§ PROBLEM TO SOLVE: Below are records with pictures. Transcribe exactly, and only, the lines from the line with "Dhaulagiri Laghubitta Bittiya" to the line with "Navíc je stan", both ends included, but not the pictures.

§ GIVEN DATA:
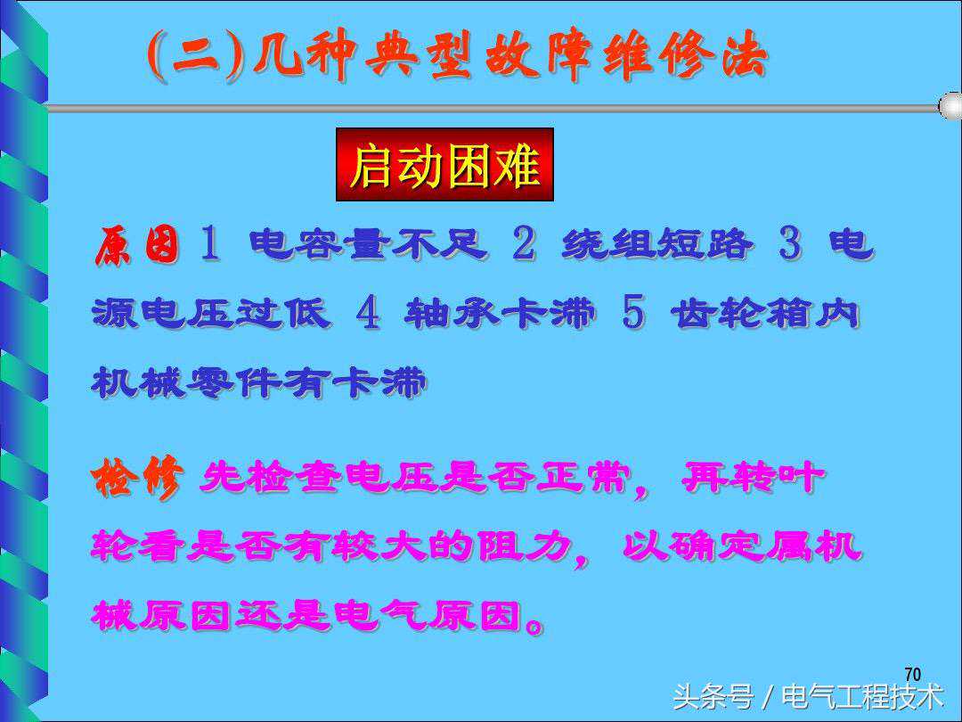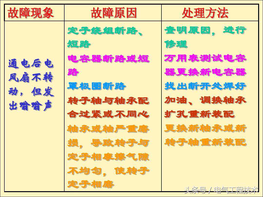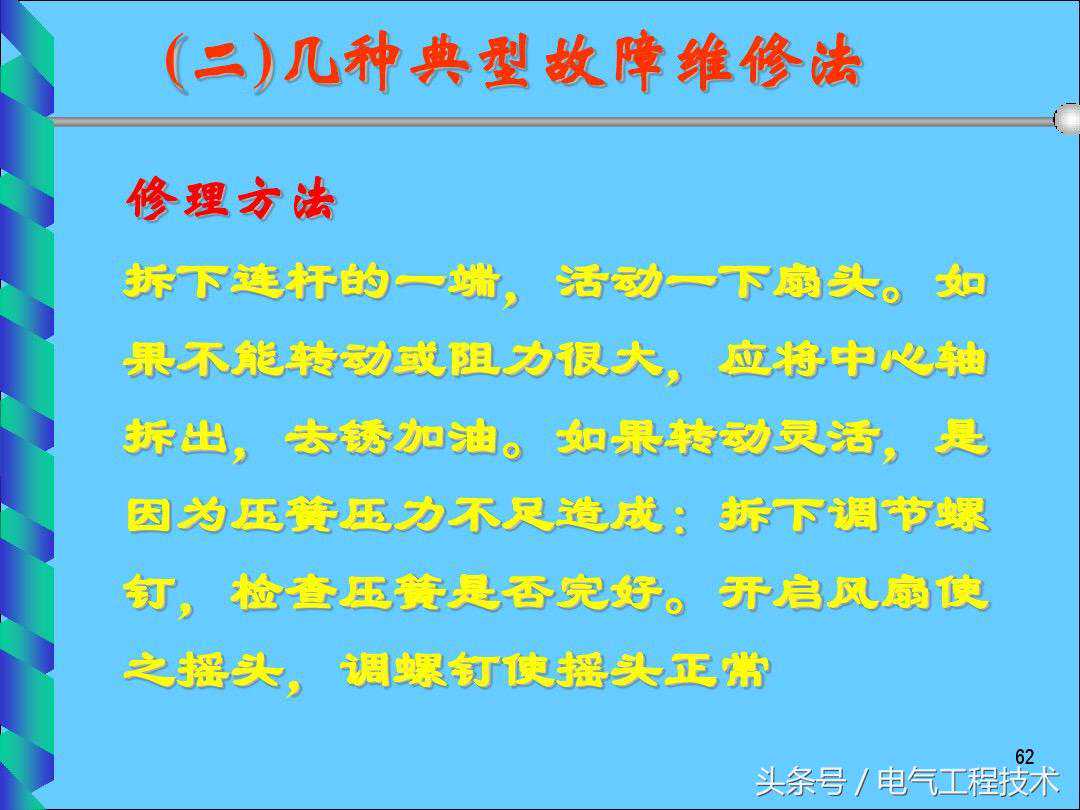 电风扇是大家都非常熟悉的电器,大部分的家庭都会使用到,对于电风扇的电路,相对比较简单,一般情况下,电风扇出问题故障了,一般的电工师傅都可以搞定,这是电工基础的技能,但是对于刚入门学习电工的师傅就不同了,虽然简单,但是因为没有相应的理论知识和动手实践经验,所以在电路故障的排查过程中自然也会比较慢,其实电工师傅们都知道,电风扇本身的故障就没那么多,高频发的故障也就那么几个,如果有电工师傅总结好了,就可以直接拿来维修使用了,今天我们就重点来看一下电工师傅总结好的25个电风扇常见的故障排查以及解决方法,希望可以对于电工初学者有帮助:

---

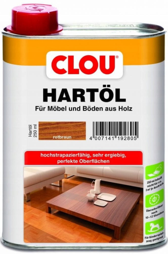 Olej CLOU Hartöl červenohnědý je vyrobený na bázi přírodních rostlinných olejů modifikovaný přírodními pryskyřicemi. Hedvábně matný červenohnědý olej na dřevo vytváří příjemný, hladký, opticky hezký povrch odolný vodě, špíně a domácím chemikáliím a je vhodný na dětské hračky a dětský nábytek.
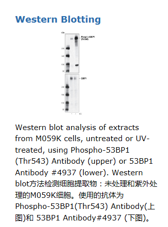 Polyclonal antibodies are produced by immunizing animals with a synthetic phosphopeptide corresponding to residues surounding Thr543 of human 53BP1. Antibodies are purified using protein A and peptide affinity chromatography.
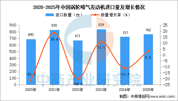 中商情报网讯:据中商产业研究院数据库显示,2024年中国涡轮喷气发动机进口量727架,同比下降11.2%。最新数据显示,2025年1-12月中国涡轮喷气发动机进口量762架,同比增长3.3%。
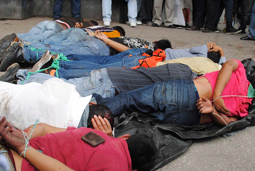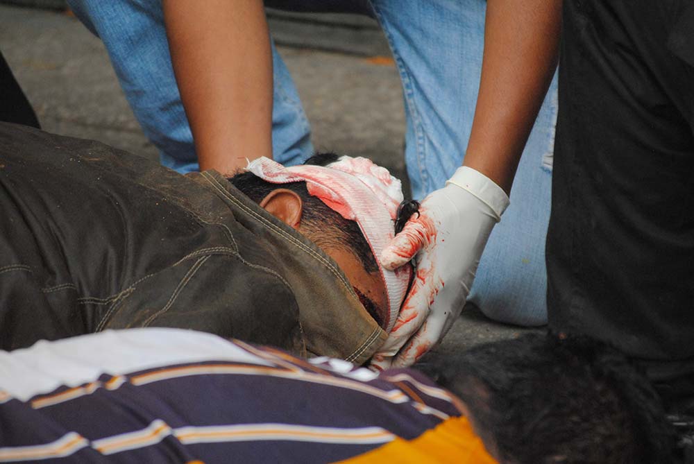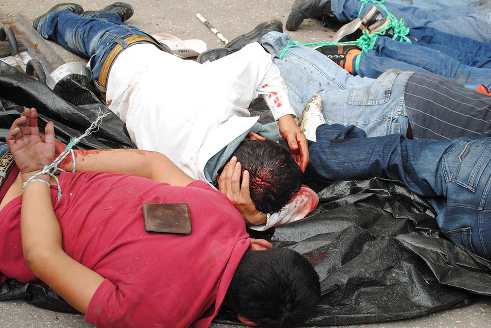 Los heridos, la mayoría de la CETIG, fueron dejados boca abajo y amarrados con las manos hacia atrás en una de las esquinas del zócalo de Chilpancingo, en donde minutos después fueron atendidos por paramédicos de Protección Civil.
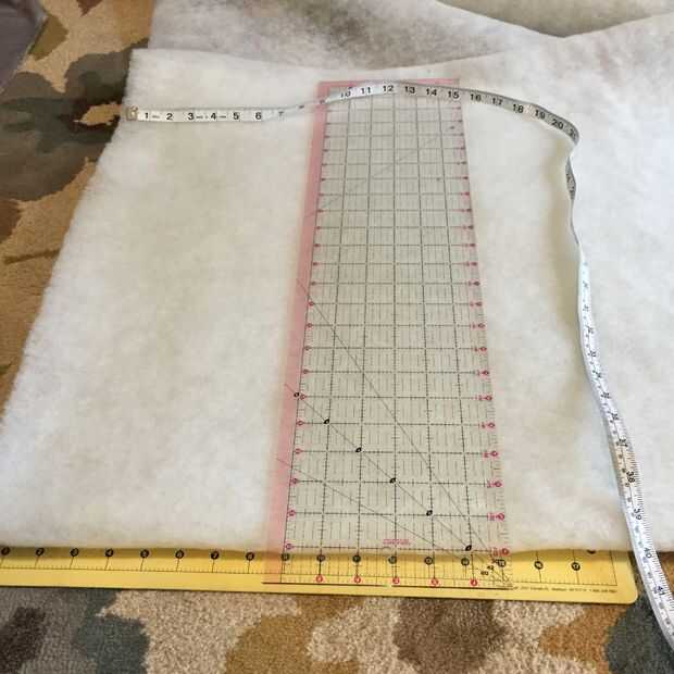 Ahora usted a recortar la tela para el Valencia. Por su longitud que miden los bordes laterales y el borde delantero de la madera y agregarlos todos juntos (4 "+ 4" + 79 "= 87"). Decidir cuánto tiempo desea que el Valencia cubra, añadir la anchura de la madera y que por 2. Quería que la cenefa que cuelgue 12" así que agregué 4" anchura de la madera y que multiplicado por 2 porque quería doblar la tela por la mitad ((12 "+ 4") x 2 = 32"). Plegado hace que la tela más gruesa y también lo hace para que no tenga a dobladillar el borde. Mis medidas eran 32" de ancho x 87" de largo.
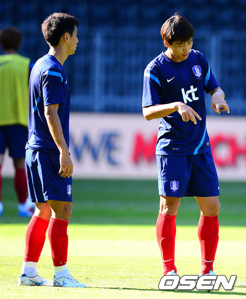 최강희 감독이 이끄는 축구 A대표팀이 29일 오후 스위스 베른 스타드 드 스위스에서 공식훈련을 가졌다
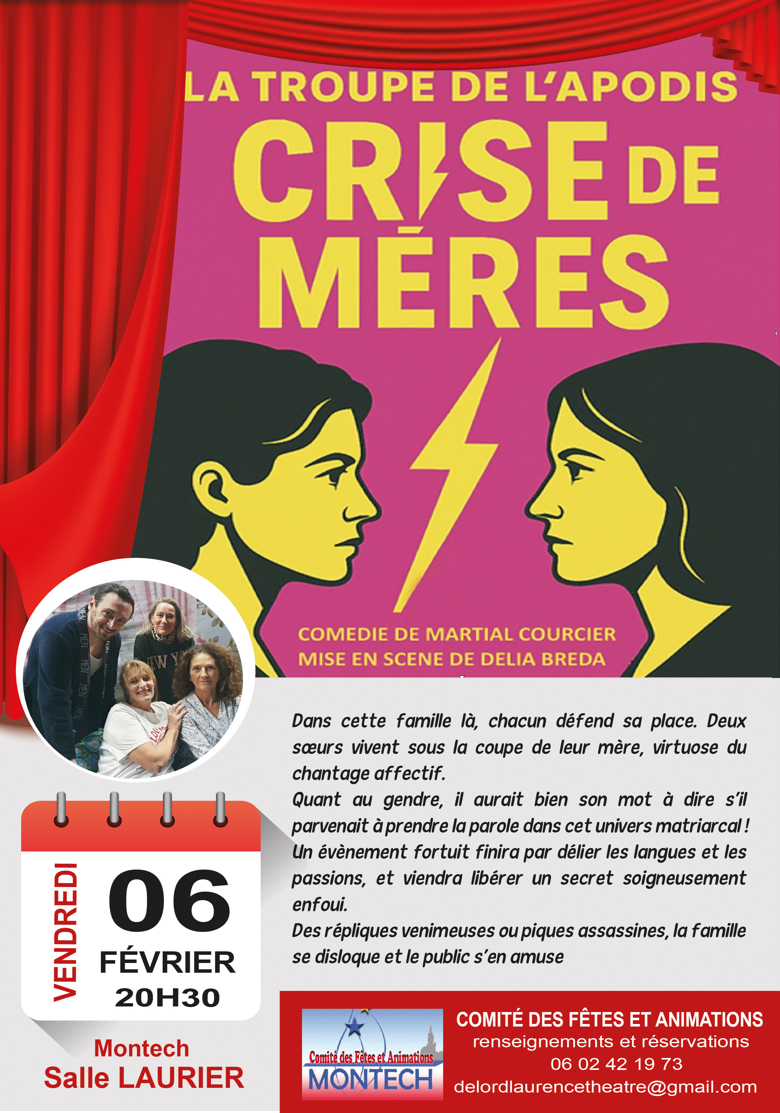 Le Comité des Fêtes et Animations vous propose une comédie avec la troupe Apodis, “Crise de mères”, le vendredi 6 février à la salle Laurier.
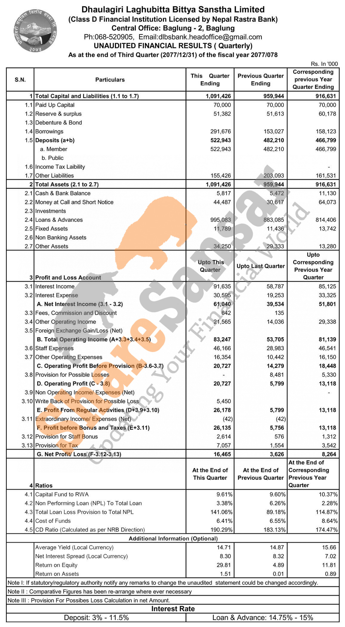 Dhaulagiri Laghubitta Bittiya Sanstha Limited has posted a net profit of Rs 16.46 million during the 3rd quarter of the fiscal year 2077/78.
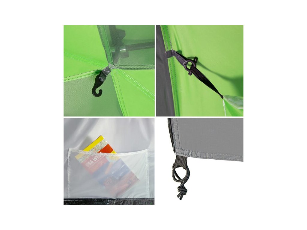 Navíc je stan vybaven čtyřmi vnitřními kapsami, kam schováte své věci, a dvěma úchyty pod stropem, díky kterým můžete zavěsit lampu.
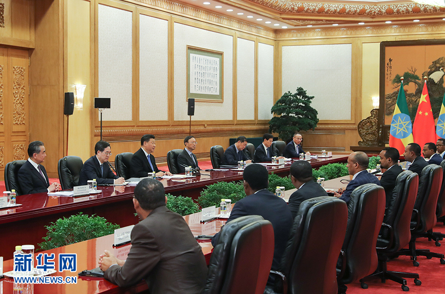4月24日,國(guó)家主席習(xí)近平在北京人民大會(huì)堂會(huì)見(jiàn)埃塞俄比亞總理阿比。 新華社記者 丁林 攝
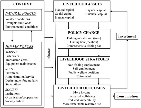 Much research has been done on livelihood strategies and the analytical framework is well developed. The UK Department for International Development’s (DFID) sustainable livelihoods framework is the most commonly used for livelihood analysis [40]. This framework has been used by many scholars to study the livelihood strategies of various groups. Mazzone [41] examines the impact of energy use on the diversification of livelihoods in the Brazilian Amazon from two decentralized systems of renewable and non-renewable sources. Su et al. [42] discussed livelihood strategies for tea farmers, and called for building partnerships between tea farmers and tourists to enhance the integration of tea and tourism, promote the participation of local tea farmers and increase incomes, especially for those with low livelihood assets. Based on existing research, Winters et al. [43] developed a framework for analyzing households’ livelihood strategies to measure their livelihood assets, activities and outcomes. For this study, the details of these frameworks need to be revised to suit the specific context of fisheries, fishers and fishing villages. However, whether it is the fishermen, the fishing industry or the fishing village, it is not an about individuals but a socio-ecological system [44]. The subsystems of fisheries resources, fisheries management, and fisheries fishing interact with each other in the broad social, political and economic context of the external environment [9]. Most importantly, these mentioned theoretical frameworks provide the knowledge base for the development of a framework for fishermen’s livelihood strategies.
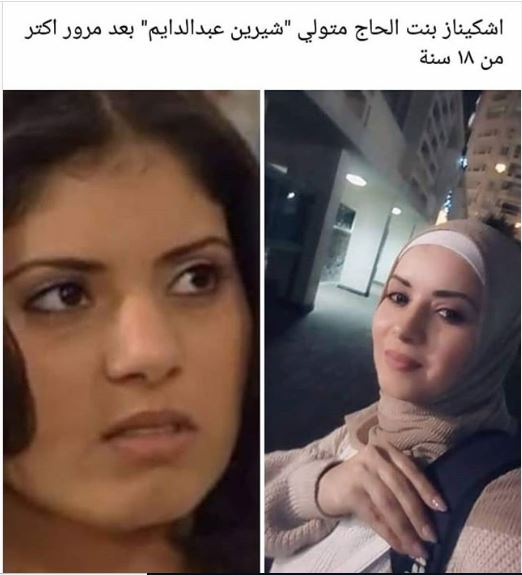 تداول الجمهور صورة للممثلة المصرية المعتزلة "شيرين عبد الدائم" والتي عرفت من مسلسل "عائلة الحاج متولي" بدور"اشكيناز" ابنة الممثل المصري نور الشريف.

...

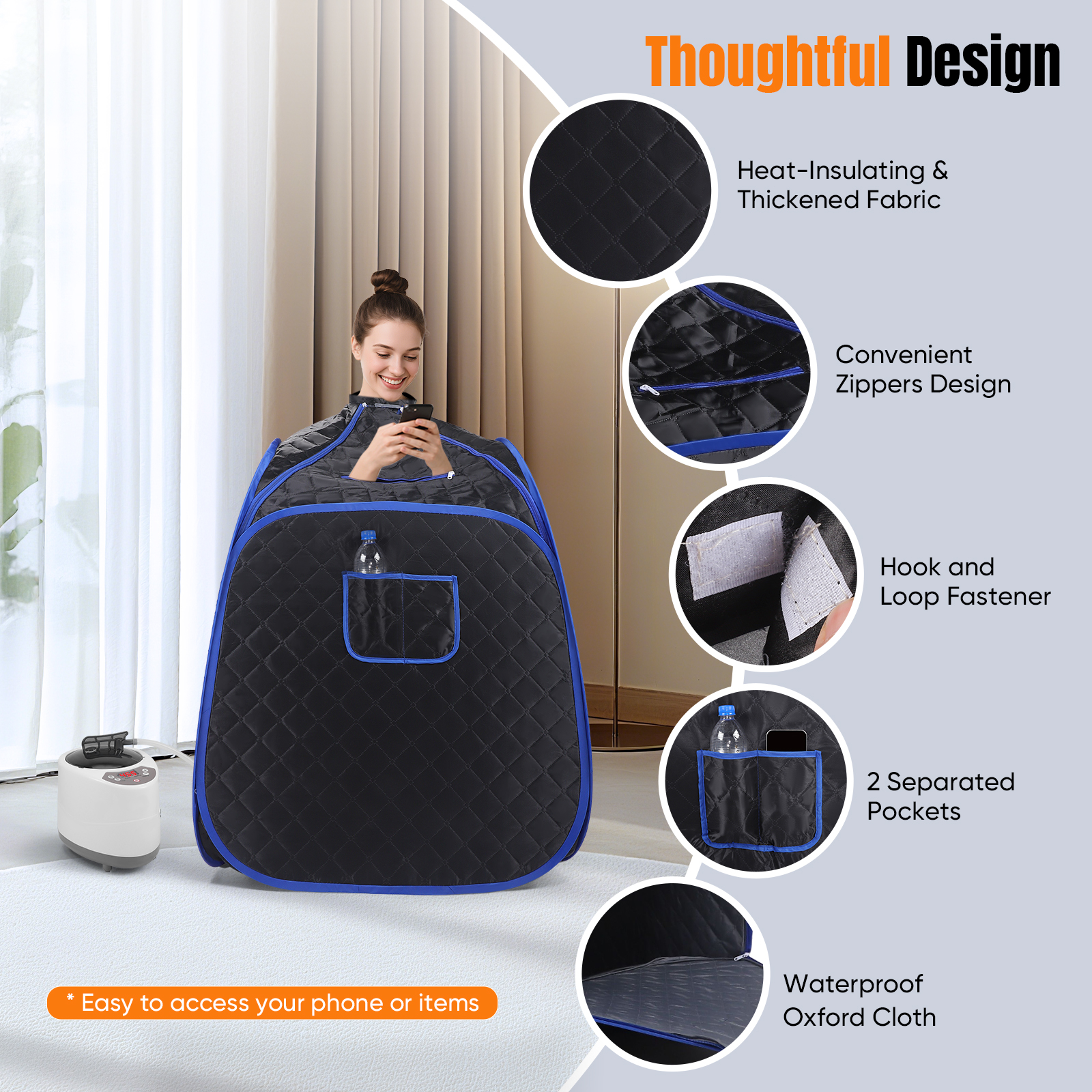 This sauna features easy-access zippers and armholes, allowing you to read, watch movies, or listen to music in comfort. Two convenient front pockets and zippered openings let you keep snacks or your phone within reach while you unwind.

§ RESULT OF THIS EXERCISE:
 Dhaulagiri Laghubitta Bittiya Sanstha Limited has posted a net profit of Rs 16.46 million during the 3rd quarter of the fiscal year 2077/78.
 Navíc je stan vybaven čtyřmi vnitřními kapsami, kam schováte své věci, a dvěma úchyty pod stropem, díky kterým můžete zavěsit lampu.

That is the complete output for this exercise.